-- INPUT DATA follows --

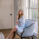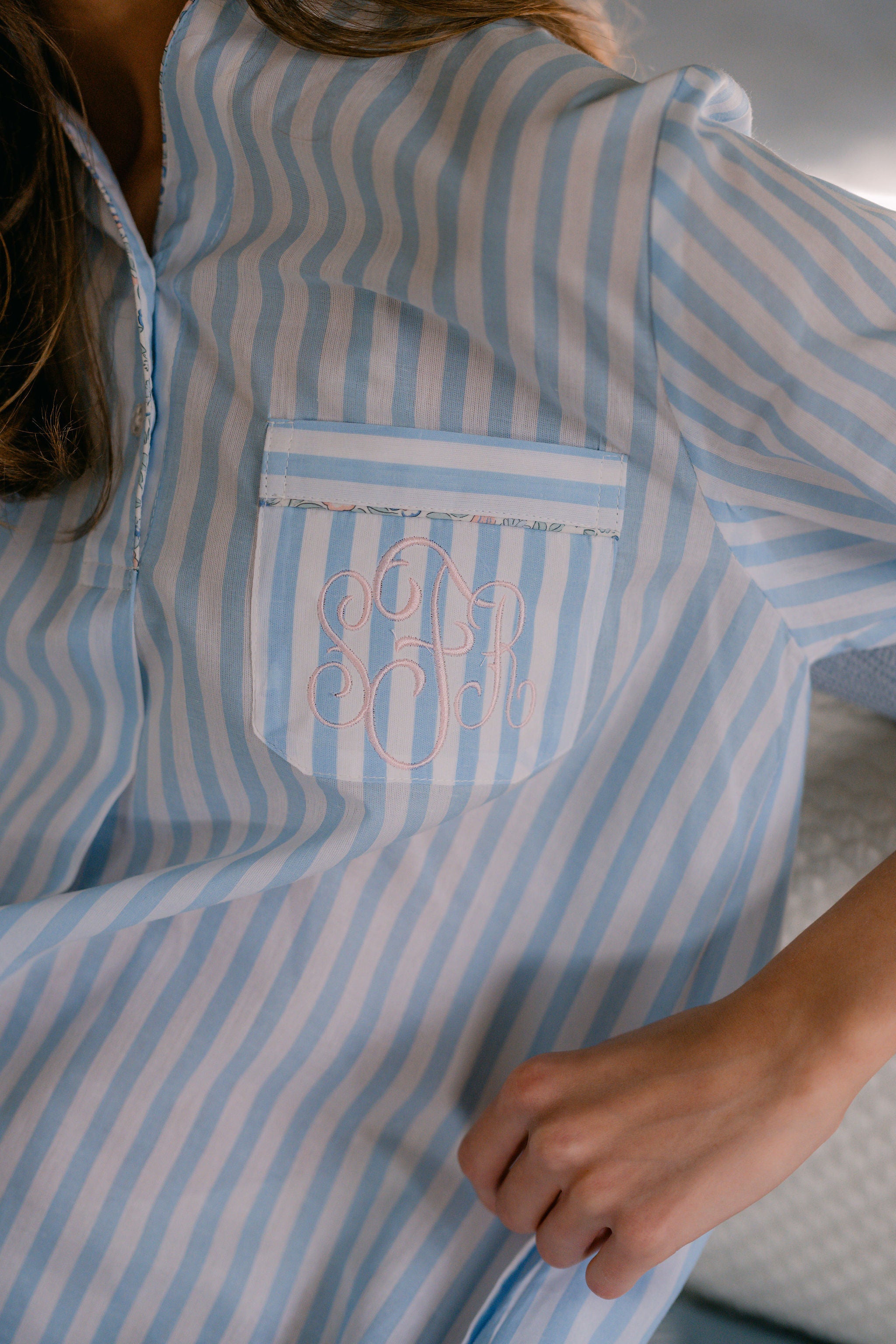 The Classic Stripe Nightshirt is a perfect blend of timeless style and cozy sophistication. Crafted from a breathable cotton blend, this ultra-lightweight nightshirt offers a soft, airy feel. It features elegant French Floral piping for a delicate, feminine touch. The Mandarin collar, two-button front placket, and banded ¾-length sleeves create a tailored yet relaxed silhouette. Thoughtfully designed with pockets for added convenience, this above-the-knee nightshirt is both stylish and practical. Available in blue or pink stripes.
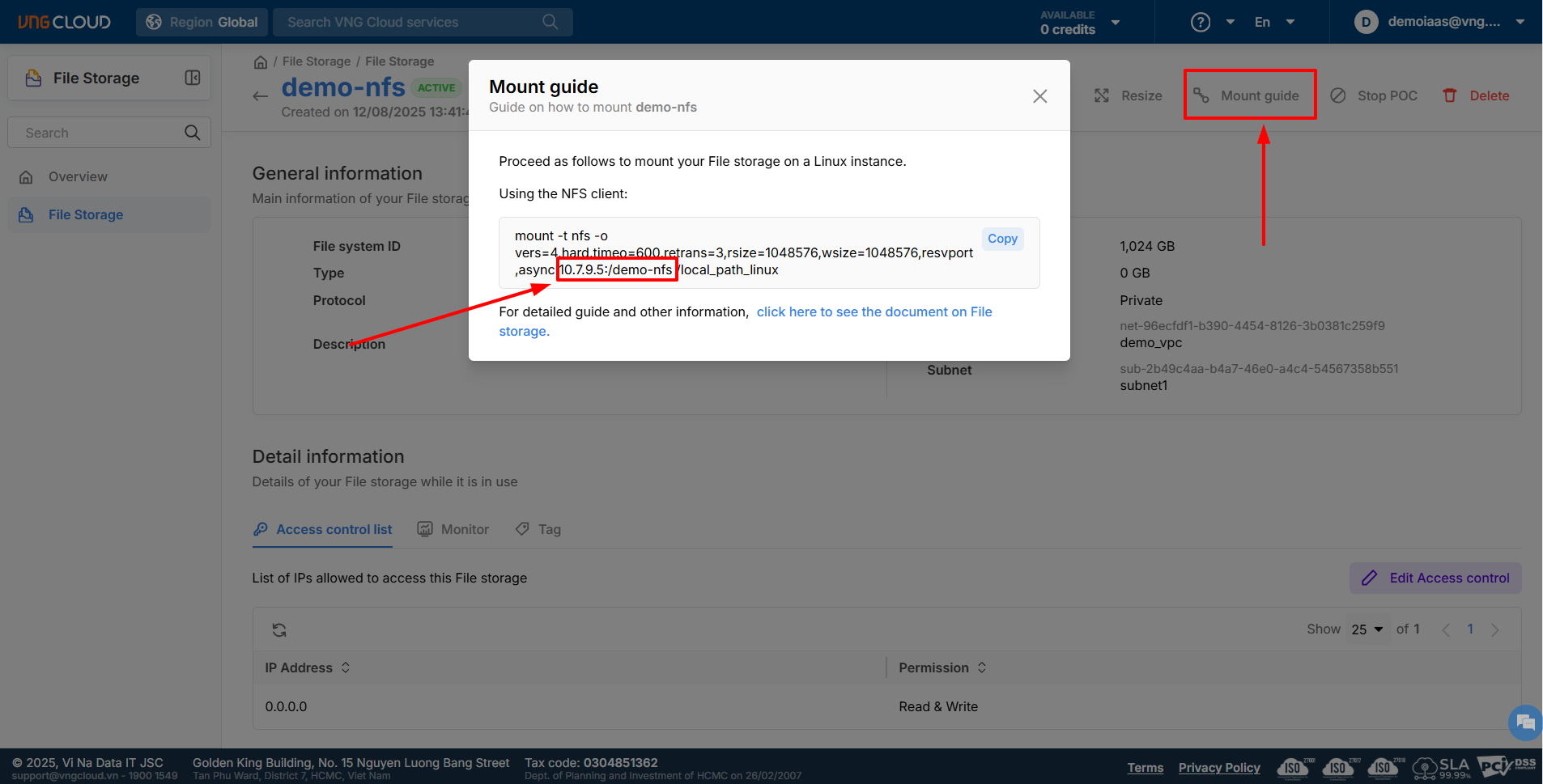 * Đầu tiên, bạn cần lấy thông tin mount của File Storage NFS: Trên giao diện File Storage Portal, chọn **Mount guide** và lưu các thông tin IP cũng như folder thực hiện mount.
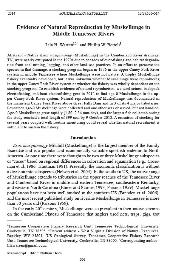 and the most recent published study on riverine Muskellunge in Tennessee is more
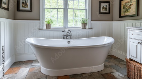 White Freestanding Bathtub with Chrome Faucet in a Modern Bathroom
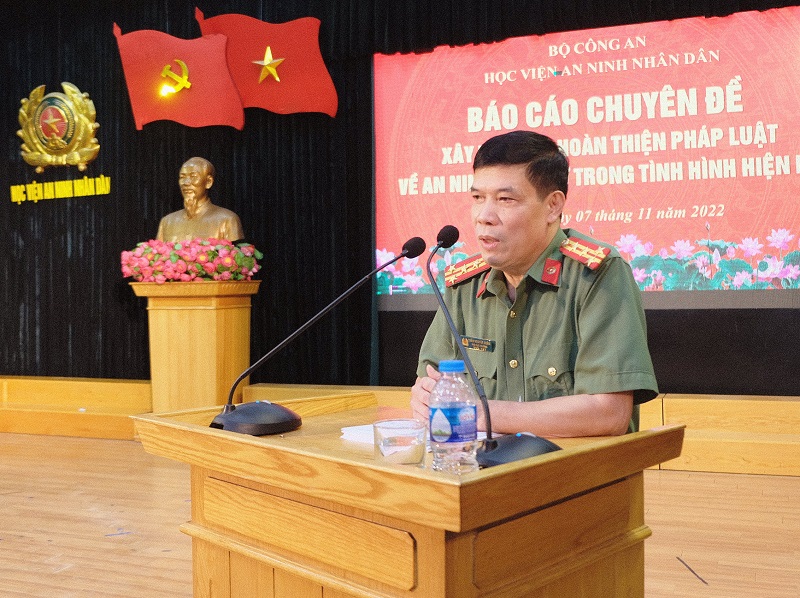 Đại tá, PGS.TS Trần Nguyên Quân - Phó Cục trưởng Cục Pháp chế và cải cách hành chính, tư pháp Bộ Công an báo cáo chuyên đề pháp luật.
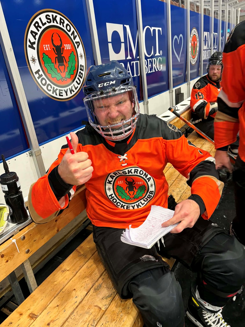 - Uffe och Mayertz var oerhört nära att ryka på veteranregeln "bara två blåa hjälmar på isen samtidigt", men vi såg genom fingrarna ikväll eftersom vi även har gett dispens till akvariespelarna. Får se om vi skärper till detta nästa vecka!
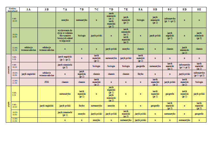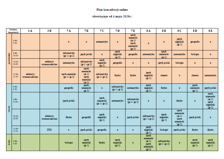 W poniższej tabeli znajduje się plan konsultacji on-line dla uczniów klas trzecich, siódmych i ósmych.
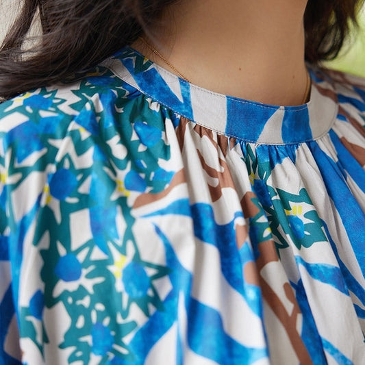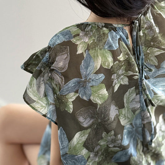 【トップス】フレンチスタイル 花柄 ラウンドネック フリルスリーブ シャツ【JZシリーズ】【SHシリーズ】
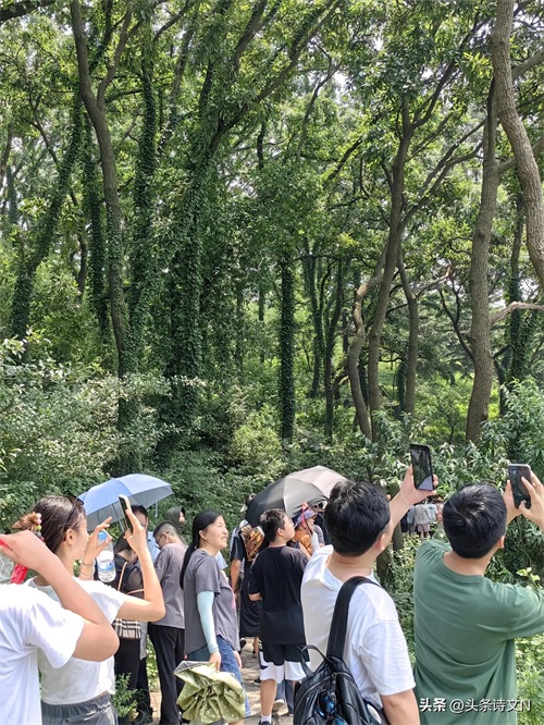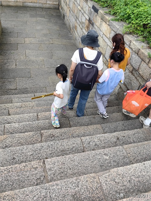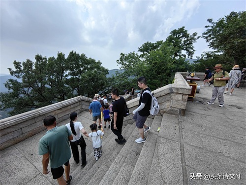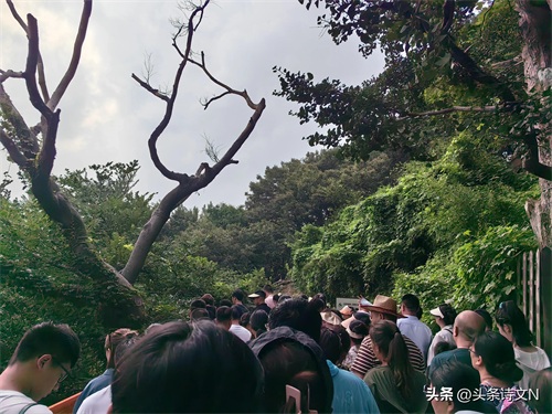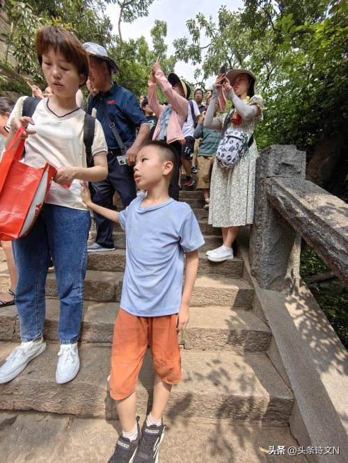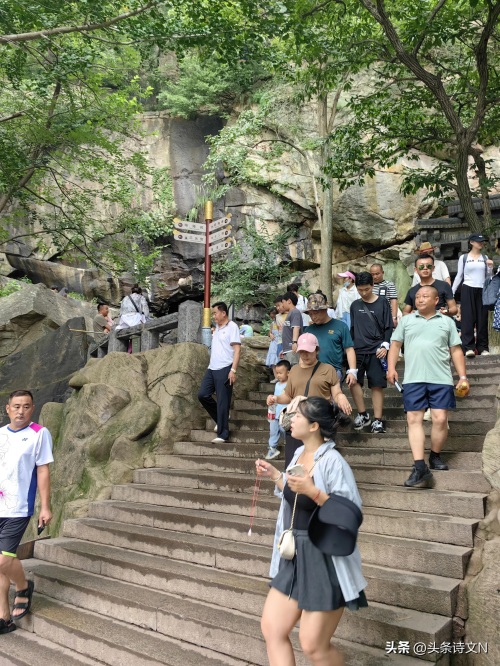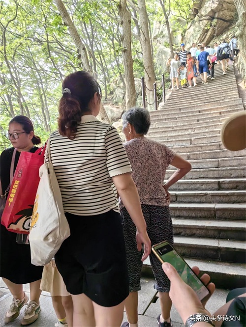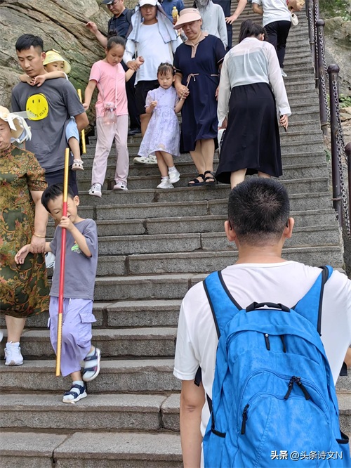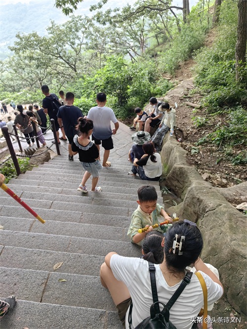 人们越来越静默了,闷着头继续赶往水帘洞的方向。山高路陡,全是台阶。前面的一个小男孩喊着,不行了,我不行了。另一个说我也不行了。后面一个小女孩哭着坐在地上,就是不站起来。妈妈和姥姥哄着劝着说,我们也背不动你了,休息一会儿吧,别哭了。只要有休息的地方都坐满了人。卖观光车票的工作人员说,水帘洞离此地不远,谁知道越走越远,总是走不到啊。中途遇到一个带队的导游,用喇叭在寻找走丢的孩子。游客们奇怪了,怎么在山里见不到一个工作人员?也见不到志愿者。公共厕所很少,离的很远,也很少有标志牌和清洁员。路上和休息的人群中,开始有人发牢骚,提意见。也罢,就跟着人流走吧。金箍棒已经变成了人们的拐杖了。

-- INPUT DATA concluded --

• _WHAT THE TASK ASKS_
Pictures excluded, repeat the records exactly from their opening line through the line containing "Đại tá, PGS.TS".

• _RESPONSE_
 The Classic Stripe Nightshirt is a perfect blend of timeless style and cozy sophistication. Crafted from a breathable cotton blend, this ultra-lightweight nightshirt offers a soft, airy feel. It features elegant French Floral piping for a delicate, feminine touch. The Mandarin collar, two-button front placket, and banded ¾-length sleeves create a tailored yet relaxed silhouette. Thoughtfully designed with pockets for added convenience, this above-the-knee nightshirt is both stylish and practical. Available in blue or pink stripes.
 * Đầu tiên, bạn cần lấy thông tin mount của File Storage NFS: Trên giao diện File Storage Portal, chọn **Mount guide** và lưu các thông tin IP cũng như folder thực hiện mount.
 and the most recent published study on riverine Muskellunge in Tennessee is more
 White Freestanding Bathtub with Chrome Faucet in a Modern Bathroom
 Đại tá, PGS.TS Trần Nguyên Quân - Phó Cục trưởng Cục Pháp chế và cải cách hành chính, tư pháp Bộ Công an báo cáo chuyên đề pháp luật.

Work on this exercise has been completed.